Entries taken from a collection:
-- Opening Marker --
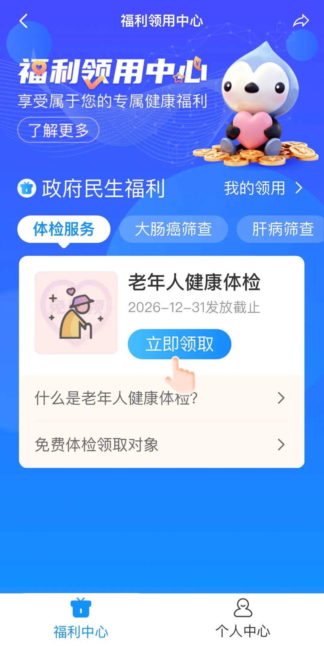 点击【健康福利领用】进入
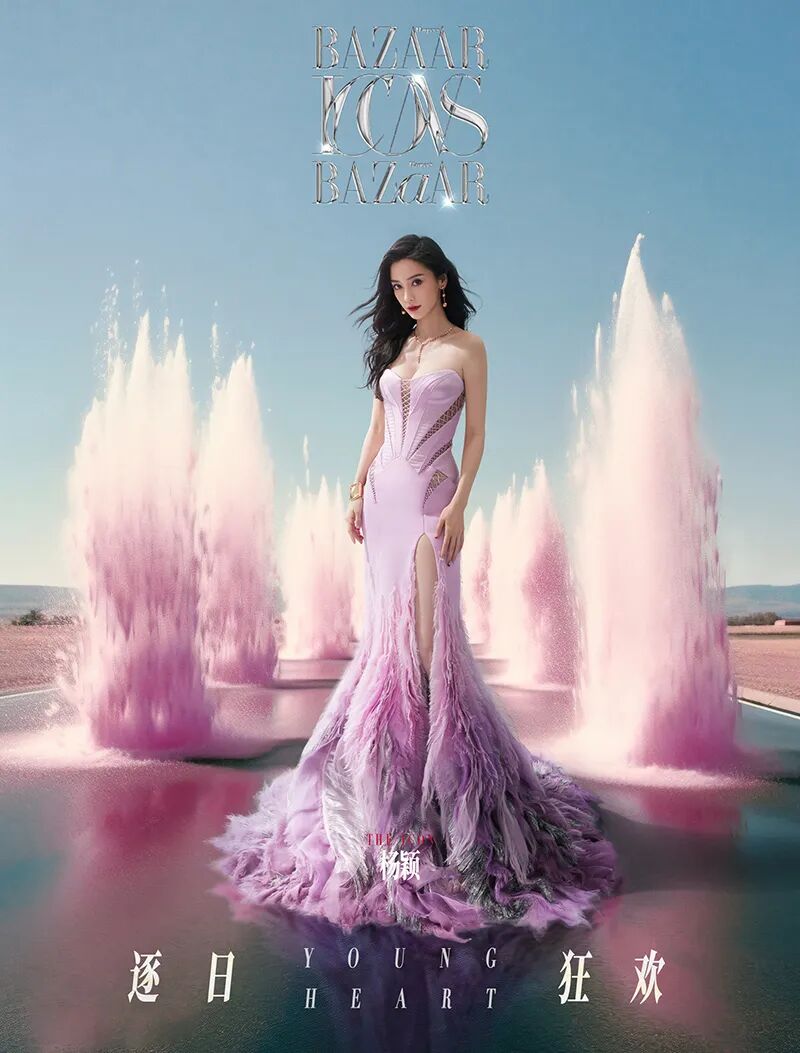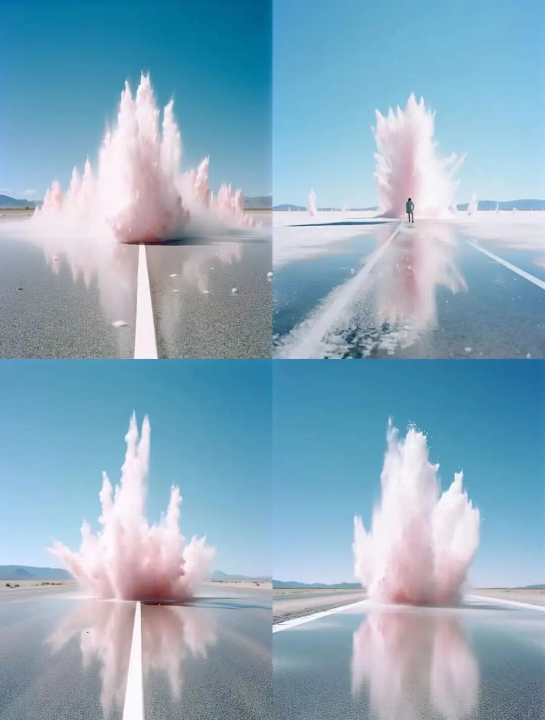 最特别的是杨颖那张公路喷泉。我们最开始的创意是“沙漠喷泉”,但在沙漠里,那个喷泉一直不是很好看。那天很巧,网易云随机播放到了老鹰的那首《加州旅馆》,我就把那个关键词改成了“高速公路”,结果出了第一张图就很OK,我觉得创作中的这种时候非常有魅力。
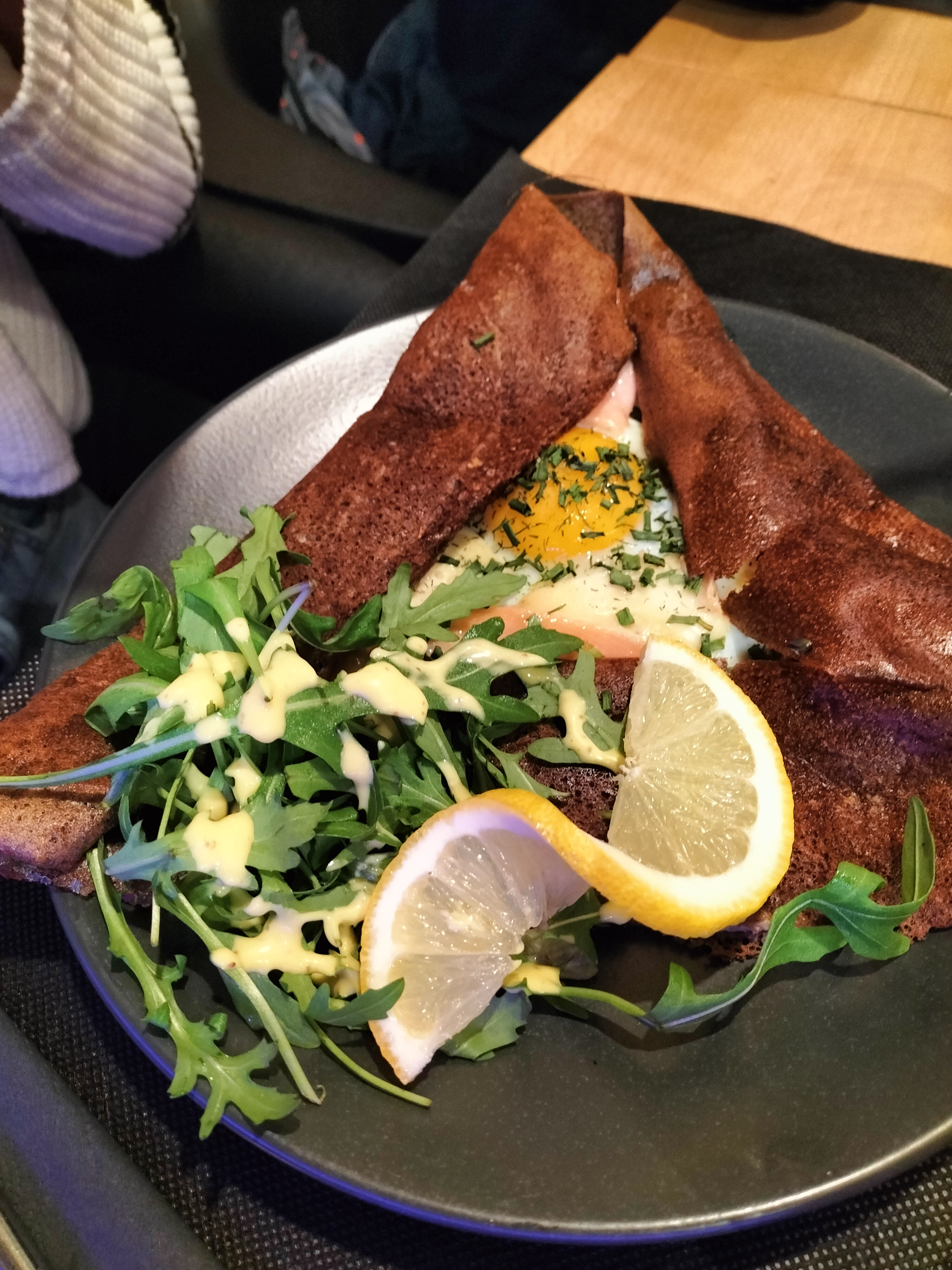 On peut y déguster de délicieuses crêpes équilibré avec un peu de salade Un coup de cœur !!
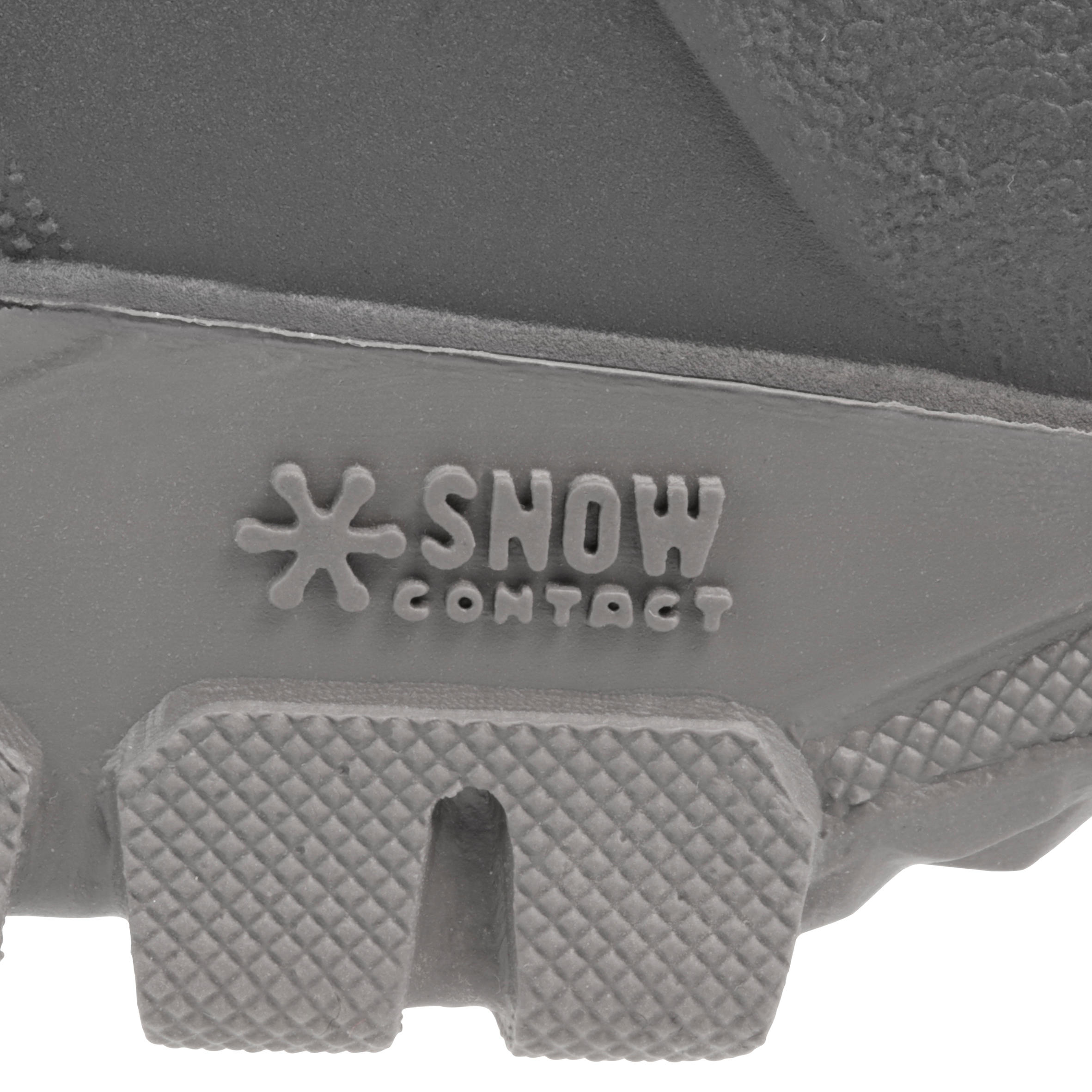Οι σόλες SNOWCONTACT σχεδιάζονται με χρήση ειδικού συστατικού στοιχείου και σχήμα ταπών με σκοπό να σας παρέχουν βέλτιστο κράτημα και πρόσφυση. Οι σόλες SNOWCONTACT είναι πιο αποτελεσματικές στο χιόνι από τις παραδοσιακές σόλες. Όταν περπατάτε στον πάγο, ο μόνος τρόπος για να εξασφαλίσετε μέγιστη ασφάλεια είναι να ενισχύσετε το αντιολισθητικό κράτημα που έχουν οι μπότες σας.
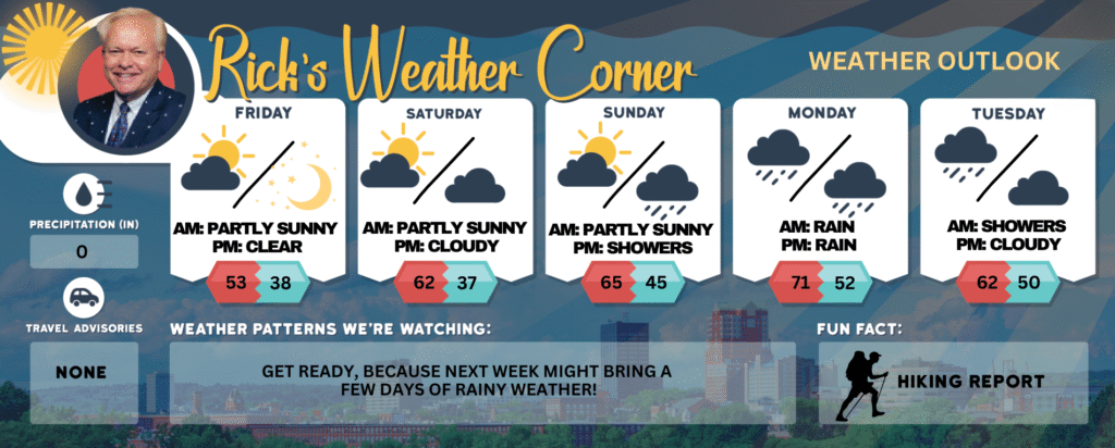 Today: Sunny & not as cool. High 63 Winds: NNW 5-15 mph
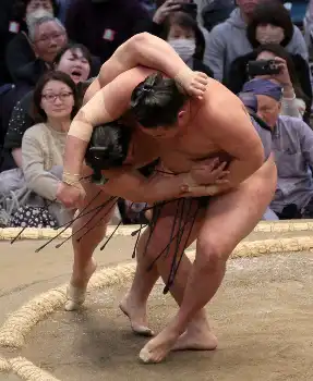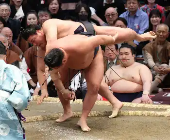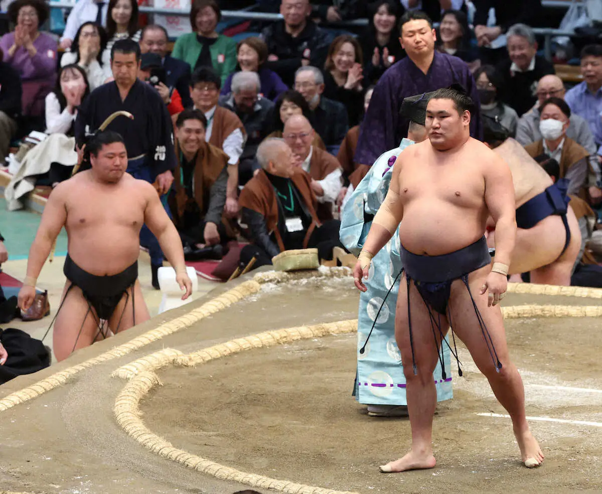 2連敗中の新関脇・王鵬は東前頭3枚目・翔猿と対戦。過去3勝3敗と引き分けの状態だったが、立ち合いから一気に押し出し、初白星を挙げた。
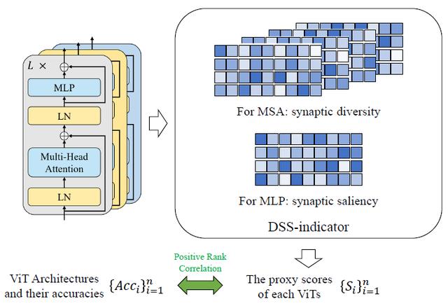基于上述分析,研究者设计了一种基于模块化策略的无需训练的 TAS(TF-TAS),来提高搜索 TAS 的搜索效率。如下公式所示,DSS-indicator 同时考虑 MSA 的突触多样性和 MLP 的突触显著性来对模型进行评分:
-- Closing Marker --
_TASK BRIEF_
Only the lines above from the one containing "最特别的是杨颖那张公路喷泉。" through the one containing "On peut y déguster" should be returned, verbatim and inclusive, with pictures excluded.

_EXERCISE ANSWER_
 最特别的是杨颖那张公路喷泉。我们最开始的创意是“沙漠喷泉”,但在沙漠里,那个喷泉一直不是很好看。那天很巧,网易云随机播放到了老鹰的那首《加州旅馆》,我就把那个关键词改成了“高速公路”,结果出了第一张图就很OK,我觉得创作中的这种时候非常有魅力。
 On peut y déguster de délicieuses crêpes équilibré avec un peu de salade Un coup de cœur !!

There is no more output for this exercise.